In a statement sent by e-mail to Salon, Michael Morhaime, Blizzard Entertainment's president and co-founder said, "We always have been and will continue to be diligent in protecting our trademarks and copyrighted materials. We are convinced that certain members of the bnetd project illegally copied parts of our code and bypassed the game's CD-Key authentication process. We further believe that emulators damage our efforts to prevent piracy, and they create safe havens for players using illegal copies of our products."
Whatever the case, to some observers, the new charges are even worse than the original.
To say that bnetd allows unauthorized public performances implies that it is a copyright violation just to create software that "interoperates," or is otherwise compatible, with Blizzard. Interoperability -- which enables software to work with other software -- is a core principle of how the Internet, or any computer network, works.
The stakes are high enough that the Electronic Frontier Foundation has joined the fight, agreeing to provide legal representation for the bnetd team.

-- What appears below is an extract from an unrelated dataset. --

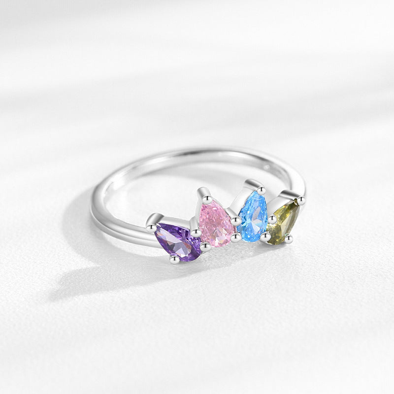 S925 Sterling Silver Drop-shaped Colored Zircon Ring

Bnetd thus joins the fast-growing list of other software causes célèbres -- Dmitry Sklyarov, 2600 Magazine, Napster -- that have emerged in the hotly contested war over intellectual property and the Internet. How the Net works in the future could be decided in skirmishes like these.
"It is unfortunate that the state of U.S. law has fallen to such a low as to affect programmers in this way," says Crittenden, 34, who lives in Lithicum, Md. If the bnetd team happens to lose its case, he speculates, "Any company could create their own mini-monopoly on network communications. It could bring down the interoperability of the Internet."